Conversations about refugees are often heated, focused on hypotheticals and unknowns. By making visible three young emigrants--rather than those who fear them--Refugee aims to provide a corrective to this American myopia. Josef, 12, is escaping Germany in the late 1930s; after his father is released from Dachau, his Jewish family scrambles aboard the ill-fated German liner St. Louis. Isabel, 11, is escaping Cuba in 1994, leaving in a handmade boat for a better life, one that includes more opportunities for her future as well as keeping her activist father out of Castro's prisons. And Mahmoud, 12, leaves Aleppo, Syria, in 2015 with his family in a panic after their apartment building is bombed. Moving briskly among Josef, Isabel and Mahmoud, each short chapter brings new tragedy, occasional hope and continued instability to all three children.

Alan Gratz (Code of Honor; Projekt 1065; The League of Seven; Prisoner B-3087) uses his trademark straightforward prose to illuminate the danger facing refugee families. Insightful details help contemporary readers to connect with the story, especially in Mahmoud's chapters, in which smartphones play an important role ("Google Maps told them it would be an eight-hour walk, and they split the journey up by sleeping in a field").
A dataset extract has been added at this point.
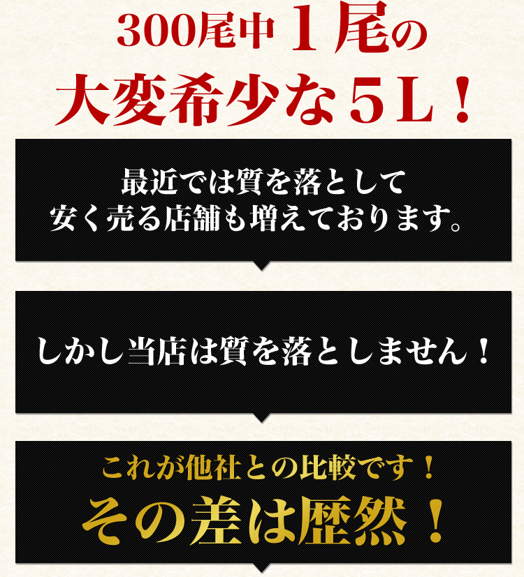 【訳あり】を一年に一度のご家族団らんの日に食すのに抵抗がある方やギフトに送るのに訳ありが嫌な方にお勧めです。

Gratz focuses on individual villains and heroes, rather than structural causes of refugee crises, but nevertheless young readers will finish this book and ask: What should we do? Adults will be similarly struck by the words of Isabel's grandfather: "[A] funny thing happened while I was waiting for the world to change, Chabela: It didn't. Because I didn't change it." --Stephanie Anderson, assistant director for public services, Darien Library (Conn.)